Please make an exact copy of the lines from the one holding "Lot - Janitorial" through the end of the data, both ends included, with no pictures.

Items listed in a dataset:

========================================================================

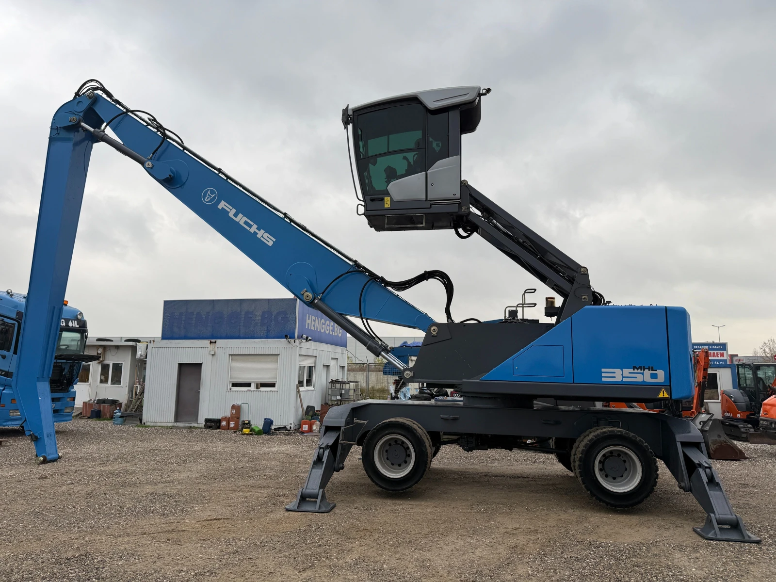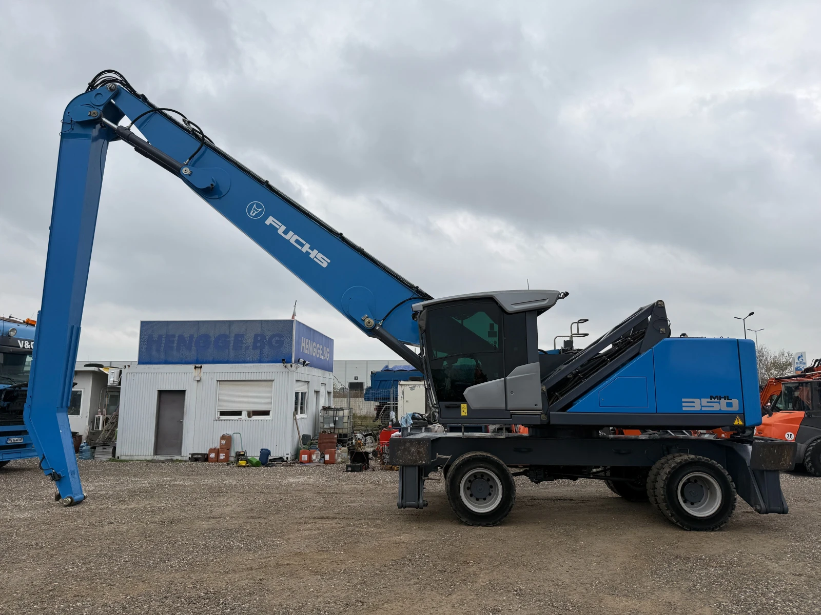 Индустриален багер Fuchs MHL 350, 8000 моточаса, 250кс, 35000кг оперативно тегло, 2020г, магнитен генератор, камери за задно и странично виждане, климатик, нов внос Германия, напълно обслужен, сервизна книжка, отлично състояние
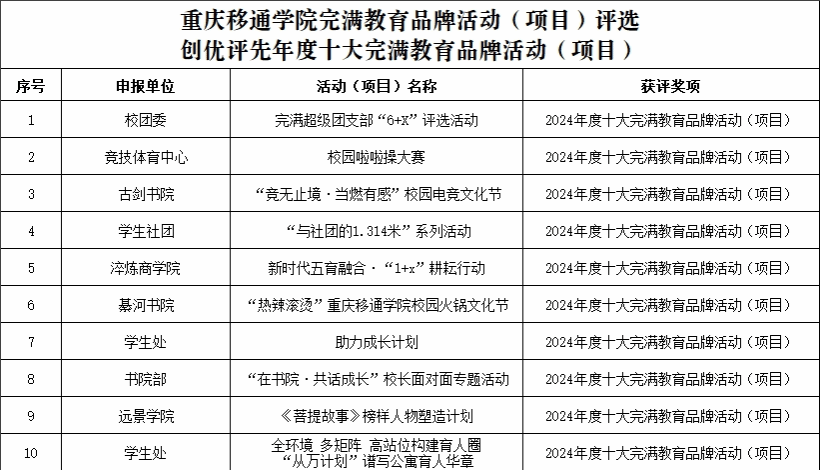 为进一步加强完满教育活动质量提升,不断做好“完满教育质量建设”和“基层组织活力提升”两大主题工程,完满教育委员会组织开展完满教育品牌活动(项目)评选工作,12月18日,完满教育委员会办公室组织开展2024年度十大品牌活动(项目)终选答辩工作。由双校区完满教育职能部门负责人及骨干教师代表,校院两级完满观察团代表共同组成评审团,对参评项目答辩进行打分。现将2024年度十大完满教育品牌活动(项目)进行公示。
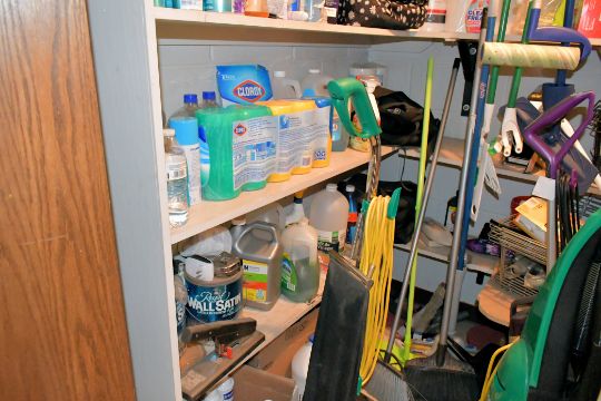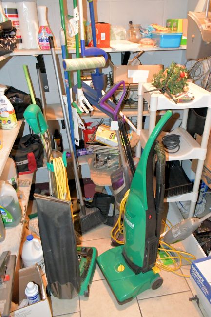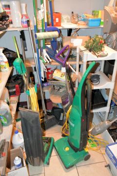 Lot - Janitorial Supplies in Closet, Including: (2) Upright Vacuums, Cart, Brooms, Dust Pans, Cleaning Sprays, Safety Glass Dispensers, etc.
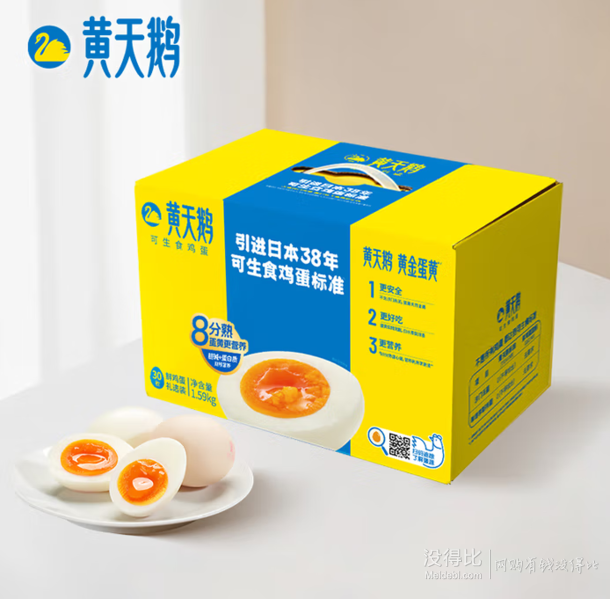 黄天鹅 可生食无菌鸡蛋礼盒装,是日本“可生食鸡蛋之父”加藤宏光亲手打造的高品质鸡蛋,蝉联布鲁塞尔“国际美味奖章”。引进日本38年可生食鸡蛋标准,执行标准:Q/SFJ0001S(国内首个可生食鲜鸡蛋的标准),全流程抑菌才能真正无菌,8大环节,24个关键点,全程控制沙门氏菌。不含沙门氏菌,孕妇孩子食用更安心,无蛋腥味,白水一煮就很香。每100克富含626ug 叶黄素、223ug维生素A、4.3ug维生素E、0.47㎎硒等,含有天然类胡萝卜素,蛋黄天然更黄。 蛋黄软糯不噎人,孩子更爱吃。
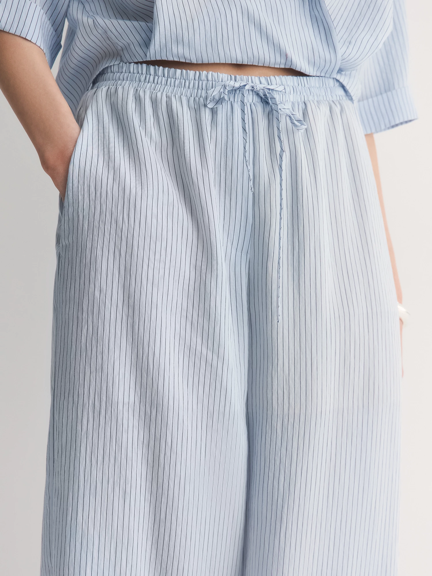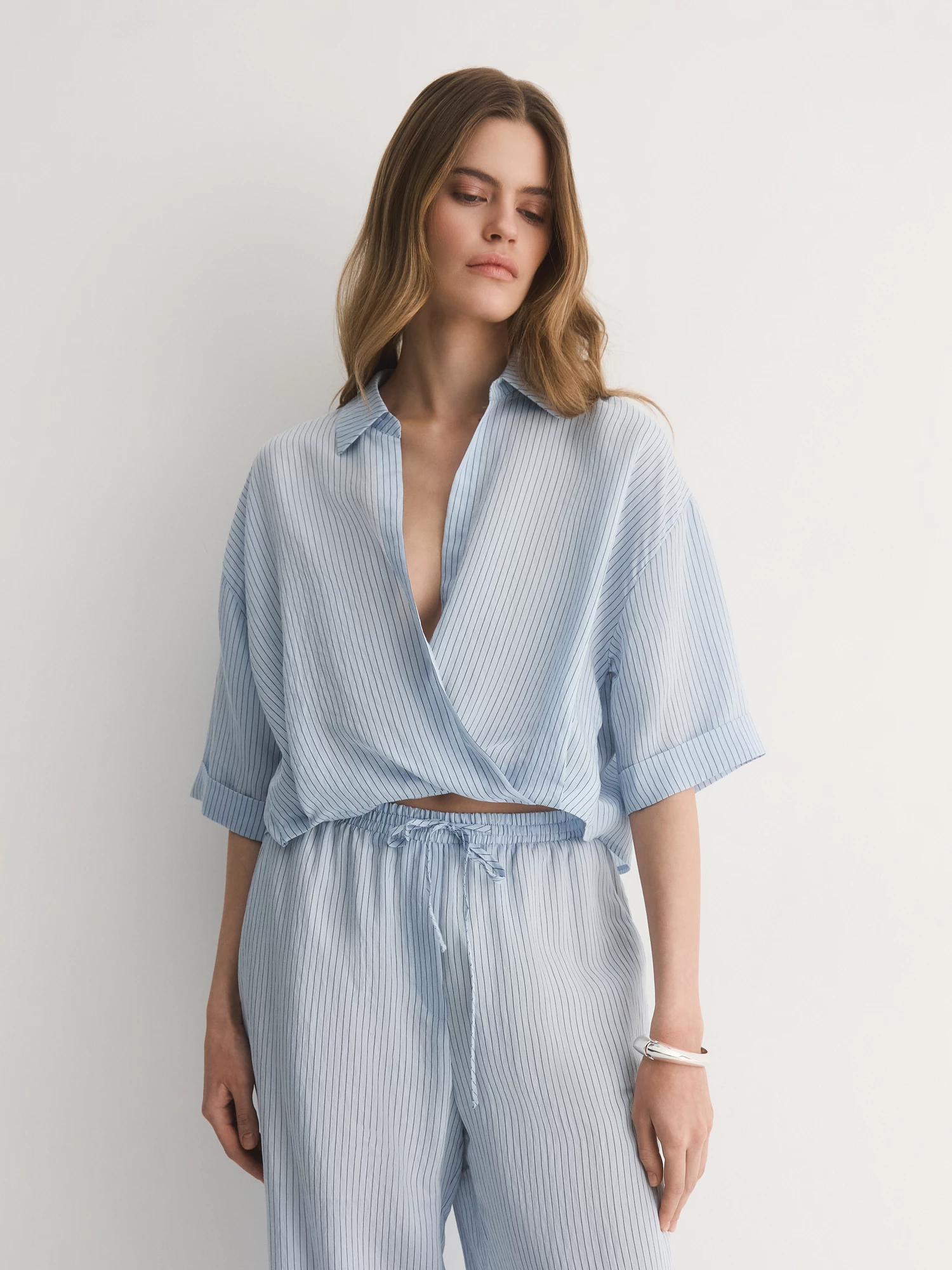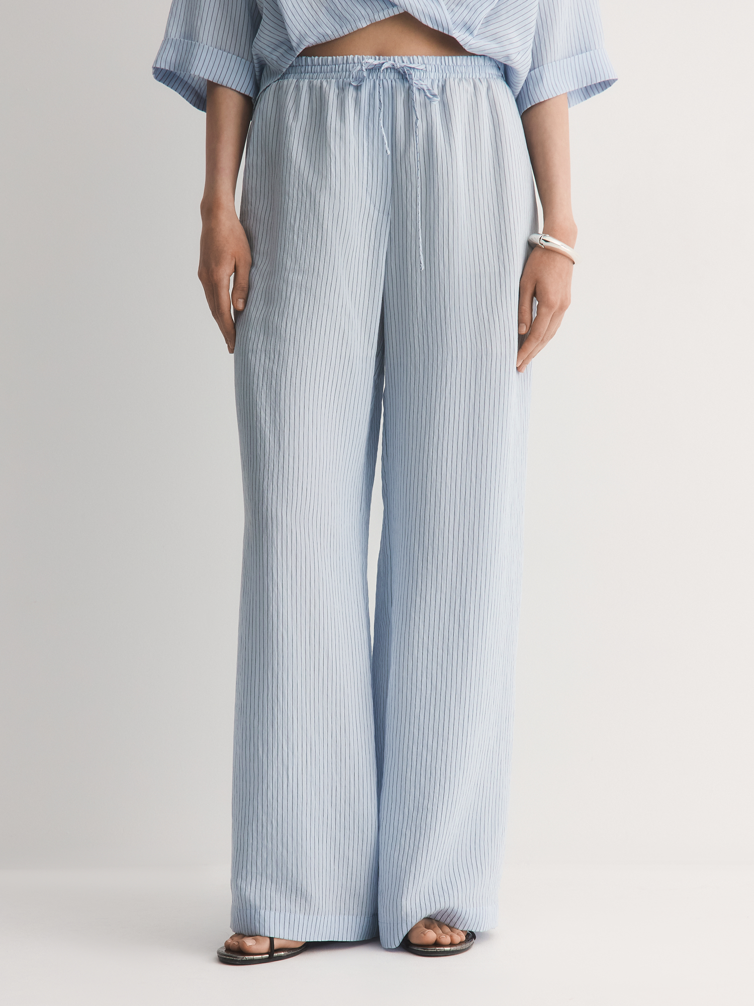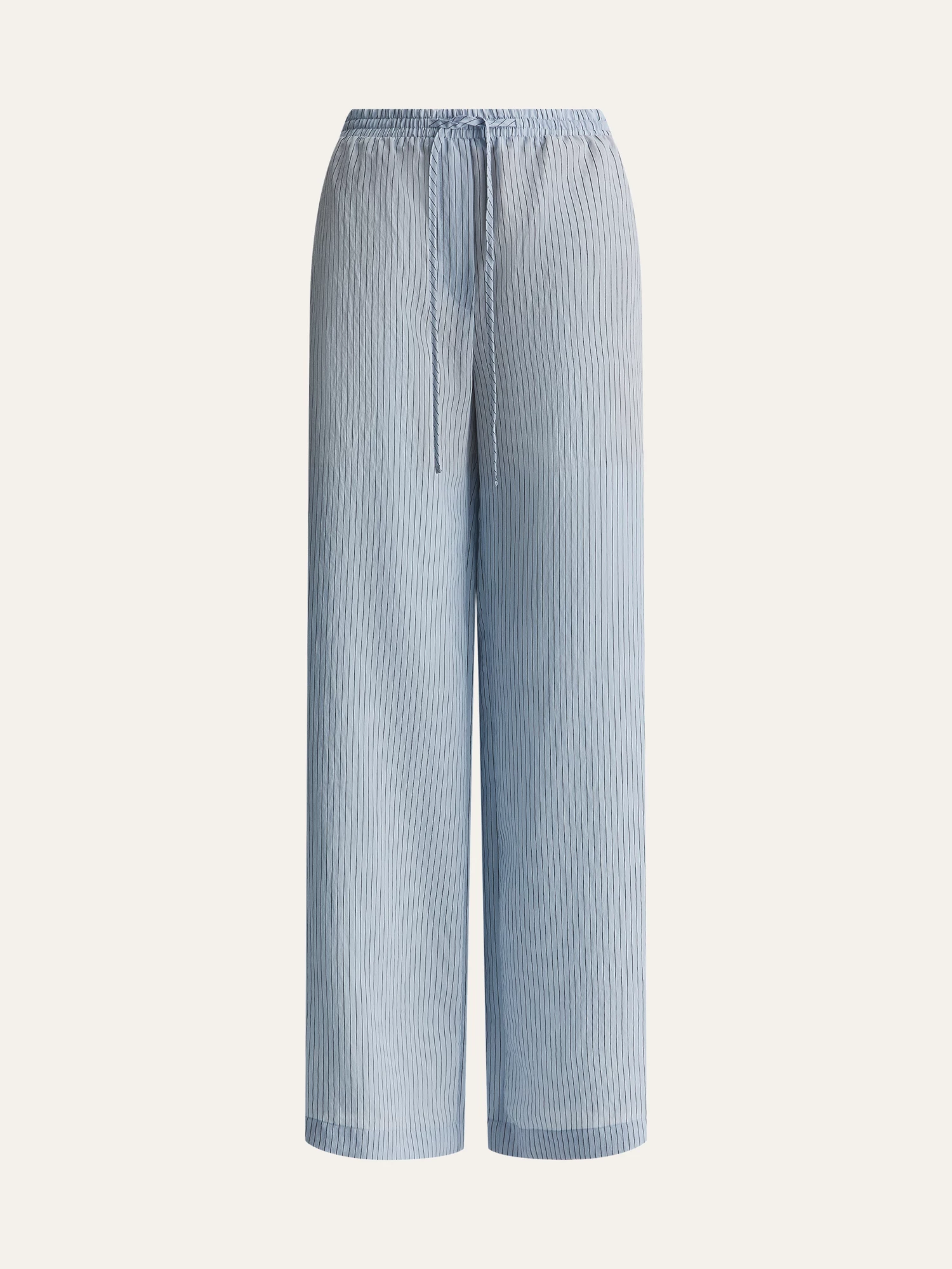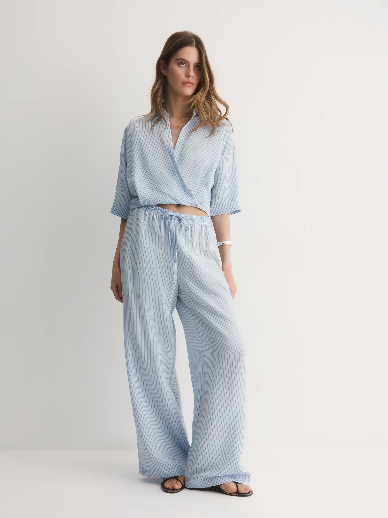 Нежно-голубые легкие брюки-бестселлер – идеальный баланс комфорта и стиля. Их прямой крой с аккуратными складками создаёт удобный силуэт, который мягко подчёркивает фигуру, не сковывая движений.

========================================================================

Worked solution:
 Lot - Janitorial Supplies in Closet, Including: (2) Upright Vacuums, Cart, Brooms, Dust Pans, Cleaning Sprays, Safety Glass Dispensers, etc.
 黄天鹅 可生食无菌鸡蛋礼盒装,是日本“可生食鸡蛋之父”加藤宏光亲手打造的高品质鸡蛋,蝉联布鲁塞尔“国际美味奖章”。引进日本38年可生食鸡蛋标准,执行标准:Q/SFJ0001S(国内首个可生食鲜鸡蛋的标准),全流程抑菌才能真正无菌,8大环节,24个关键点,全程控制沙门氏菌。不含沙门氏菌,孕妇孩子食用更安心,无蛋腥味,白水一煮就很香。每100克富含626ug 叶黄素、223ug维生素A、4.3ug维生素E、0.47㎎硒等,含有天然类胡萝卜素,蛋黄天然更黄。 蛋黄软糯不噎人,孩子更爱吃。
 Нежно-голубые легкие брюки-бестселлер – идеальный баланс комфорта и стиля. Их прямой крой с аккуратными складками создаёт удобный силуэт, который мягко подчёркивает фигуру, не сковывая движений.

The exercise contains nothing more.